Most people would be discouraged by a high wall or drainage ditch in their path, but such things are welcome obstacles for practitioners of a French martial art called parkour. It’s been around for decades, but it wasn’t until James Bond chased discipline co-founder Sébastien Foucan through a Madagascar construction site in Casino Royale that the practice hit mainstream.

The Oklahoma Parkour Association was founded in 2007 by Jordan Nelson, Chris Stevenson and Cody Green. “We get the right information out there so people don’t operate on rumors or preconceived notions of what the discipline is. We make sure they know what we do and why we do it,” Nelson says.

“The biggest misconception is that it’s just kids jumping off of things,” he says. “People see parkour in movies and commercials and think it’s just people taking reckless risks and trespassing. That isn’t what it is at all. It’s a very rigorous discipline. We train for hours and hours every week and every day so that our bodies can move in the most fluid way possible.”

Parkour is designed to enable a practitioner, called a traceur, to travel from one location to another as safely, fluidly and efficiently as possible. A female parkour artist is called a traceuse.

Nelson says a normal person would walk back and forth through a zig-zagging path of wheelchair railings, but a traceur would vault over and go under them in a fluid way. “We practice for hours so we can do it so fluidly that it looks like we’re floating through the bars,” he says.

An offshoot of parkour, called free running, adds flare to parkour’s fast and efficient movements. Jonathan Dewberry has been free running for three or four years. “You throw some flips into it and make it look fancy,” he says. “Free running is more appealing to the eye than parkour.”

Some traceurs maintain that there is no distinction between free running and parkour, and the definition of what constitutes each remains controversial. Initially called l’art du déplacement, the term “parkour” was coined by pioneers David Belle and Hubert Koundé.

“The cool thing about free running and parkour is you don’t need equipment, all you need is a good pair of cross-trainers and an obstacle, and that’s why it’s growing in popularity so quickly,” Dewberry says.

Although traceurs practice vaults, wall-runs and controlled falls without protective gear, Nelson and Dewberry say injuries are rare.

“The risks are really no more than your typical sports like soccer or football,” Nelson says. “Obviously, if a football player went out there without pads and started running around without stretching, he would get injured. If you’re training properly, you shouldn’t have any injuries, and that surprises a lot of people. I’ve been doing this for years and I’ve never had any injuries.”

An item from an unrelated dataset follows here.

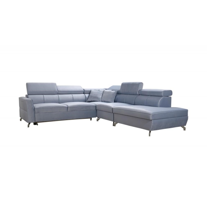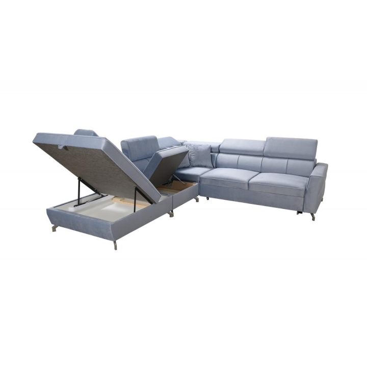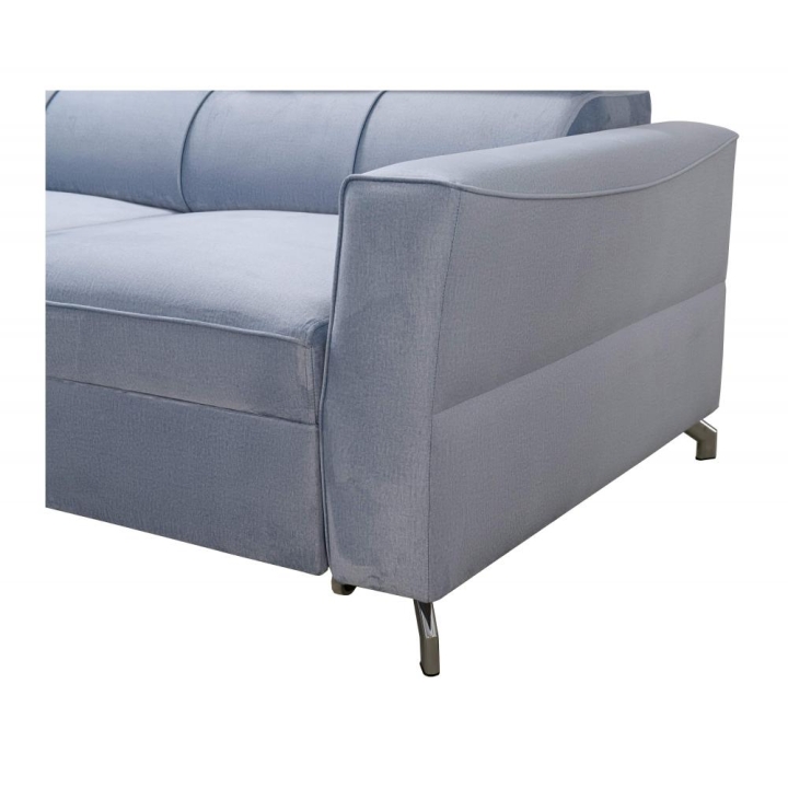 Narożnik może zostać osadzony na różnorodnych stopkach przednich: metal chrom, metal czarny mat lub wariantach drewnianych w kolorach czarnym, białym, olcha, venge, buk. Z tyłu dostępne są stopki drewniane w tych samych wybarwieniach lub opcjonalnie chrom za dopłatą. Dzięki rozbudowanemu konfiguratorowi możliwe jest dopasowanie tapicerki do indywidualnych preferencji estetycznych. Do wyboru pozostają dziesiątki tkanin o różnych fakturach, kolorach i właściwościach, co pozwala z łatwością wpisać mebel w zamierzony koncept aranżacyjny. Mebel oferuje nie tylko wygodę użytkowania, ale też możliwość pełnej personalizacji wizualnej.

Dewberry admits the discipline can be dan-gerous, but says traceurs still don’t wear pads because it would inhibit their movement, which would defeat one of the key aspects of the art form.

 “One time I took a drop that was too big for me and I bruised both of my heels and I wasn’t able to walk right for a week. It was horrible,” Dewberry says. The injury came after he jumped off a rail 16 feet in the air. “We’ve all suffered sprained ankles and things like that. If you land wrong, it’s pretty easy to sprain an ankle.”

 “If you’re training correctly, you shouldn’t be putting any more strain on your body than it should take,” Nelson says. “A lot of traceurs train barefoot because that helps you feel if you’re training correctly.”

Nelson says parkour is quickly catching on. “It is definitely growing. With it being an emerging discipline, conservatively, I’d say there are about 100 traceurs in Oklahoma.”

“With any new sport that people have not heard of, there’s a lot of suspicion,” Nelson says. “When people see us training, they automatically wonder why we’re there.”

Nelson doesn’t want parkour to go the way of skateboarding, which was labeled rebellious and caused “no skateboarding” signs to appear everywhere. “Parkour is the complete opposite,” he says. “We are very respectful and we don’t trespass. If authorities still have a problem with it, we respectfully move on and find another public place we can train at.”